Silver mirrored gold's intraday strength, rising 2.8% to $69.545 a troy ounce. Unlike gold, silver managed to eke out a marginal weekly gain of 0.3%.
"Precious metals have caught a bid," noted Louis Navellier of Navellier and Associates. The determining factor for the longer-term trend in gold, however, remains the duration and intensity of the conflict with Iran — specifically how long the disruption to regional shipping lanes persists.
Iran War Uncertainty Dominates Global Markets
The backdrop driving precious metals and roiling broader financial markets is the ongoing U.S.-Iran conflict, now centered on Iran's closure of the Strait of Hormuz — the critical waterway through which approximately 20% of global energy typically flows.

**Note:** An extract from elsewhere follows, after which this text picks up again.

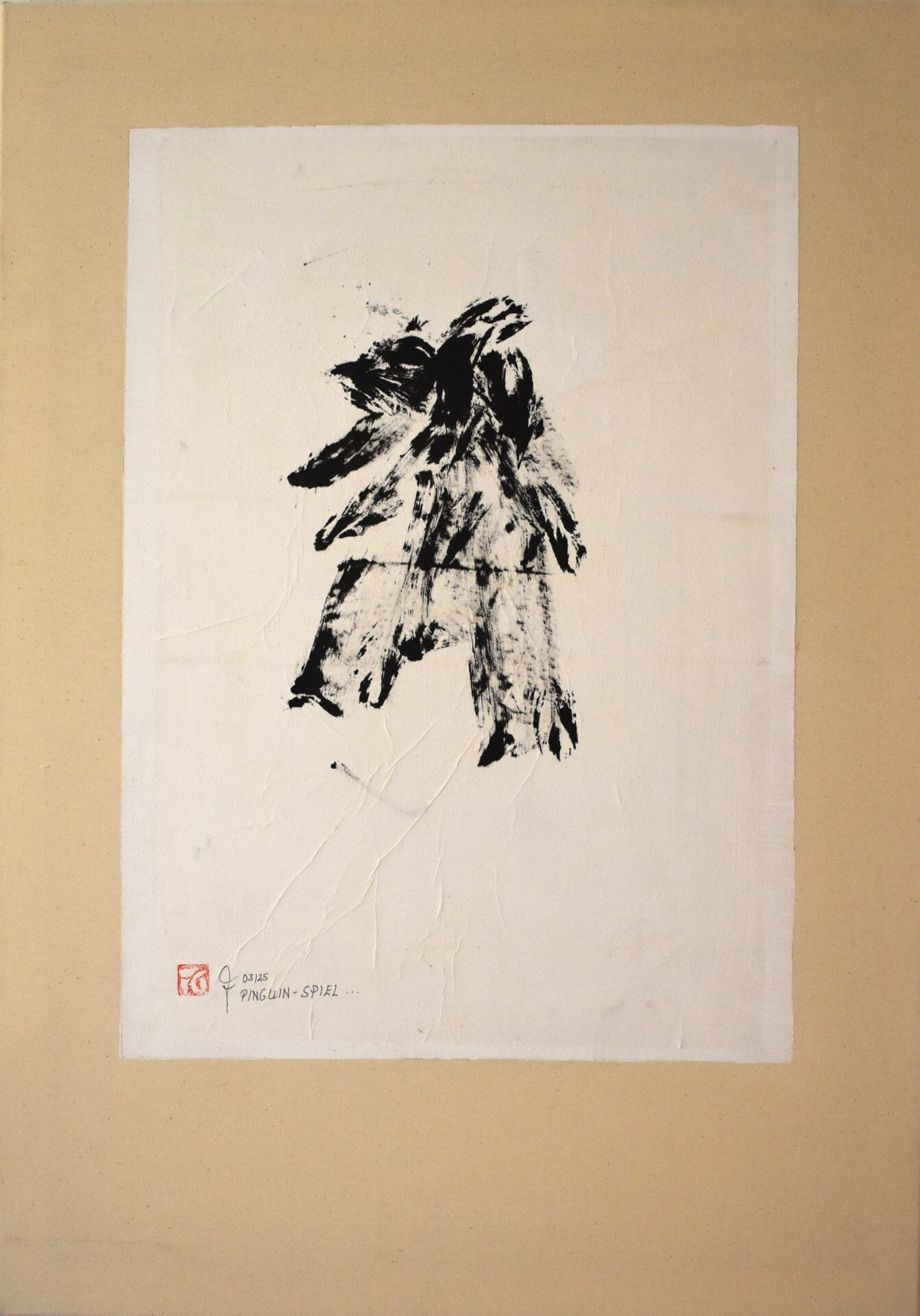 „PINGUIN-SPIEL“ 03/25 „PINGUIN-SPIEL“, Chinatusche auf Reispapier auf weiß grundierte Leinwand geleimt, mit Passepartout 70x100cm

Global stock markets declined again Friday after President Donald Trump extended a deadline for Iran to reopen the strait, a move that failed to calm either oil markets or government bond yields. Trump had previously warned that Iran would face strikes on its energy infrastructure if the deadline passed without compliance. The extension came just hours after Wall Street suffered its largest single-session drop since the war began on Thursday.
Iran showed no signs of backing down. The Islamic Revolutionary Guard Corps reiterated its intention to disrupt regional shipping, and an Iranian official dismissed a U.S. proposal to end the conflict as "one-sided and unfair." A Wall Street Journal report that Trump was considering deploying additional ground troops added to investor concern that the war could escalate beyond air and naval operations.
"Words alone aren't cutting it right now," said Matt Britzman, senior equity analyst at Hargreaves Lansdown. "President Trump's extension of the pause on Iran energy strikes failed to lift the mood in any meaningful way. Tangible evidence of progress is what's needed."
Equities Under Pressure
U.S. equity futures gave up earlier gains Friday, with S&P 500 contracts last trading down 0.5% following Thursday's 1.7% plunge. The tech-heavy Nasdaq Composite fell 2.4% Thursday, leaving the index down nearly 11% from its record-high close in late October. European and Asian equities fared worse than their U.S. counterparts.
Bond Yields Surge on Inflation Fears
Government bond markets continued to reprice the interest rate outlook aggressively. The 10-year U.S. Treasury yield rose more than 4 basis points Friday to 4.468% — its highest level since July — extending sharp gains from the prior session. Germany's 10-year bund yield climbed to 3.13%, a level not seen since 2011.
The repricing reflects a dramatic shift in Fed expectations. Money markets now assign roughly a 60% probability to the Federal Reserve raising rates this year — a stark reversal from late February, when traders were pricing in two cuts for 2026. The shift is being driven by fears that an energy supply shock from the Strait of Hormuz closure could deliver a significant inflationary impulse, potentially forcing central banks to tighten policy rather than ease it.
The U.S. dollar index extended its winning run, posting its fourth consecutive daily gain with a 0.2% advance Friday.
Outlook
With Iran showing no willingness to negotiate on terms acceptable to Washington, and no clear timeline for the Strait of Hormuz to reopen, the interplay between energy supply disruption, rising inflation expectations, and surging safe-haven demand will likely continue to define price action across gold, bonds, and equities in the sessions ahead. For gold in particular, the durability of Friday's rebound will depend heavily on whether geopolitical headlines shift from escalation to diplomacy — a transition that, as of Friday's close, appears nowhere in sight.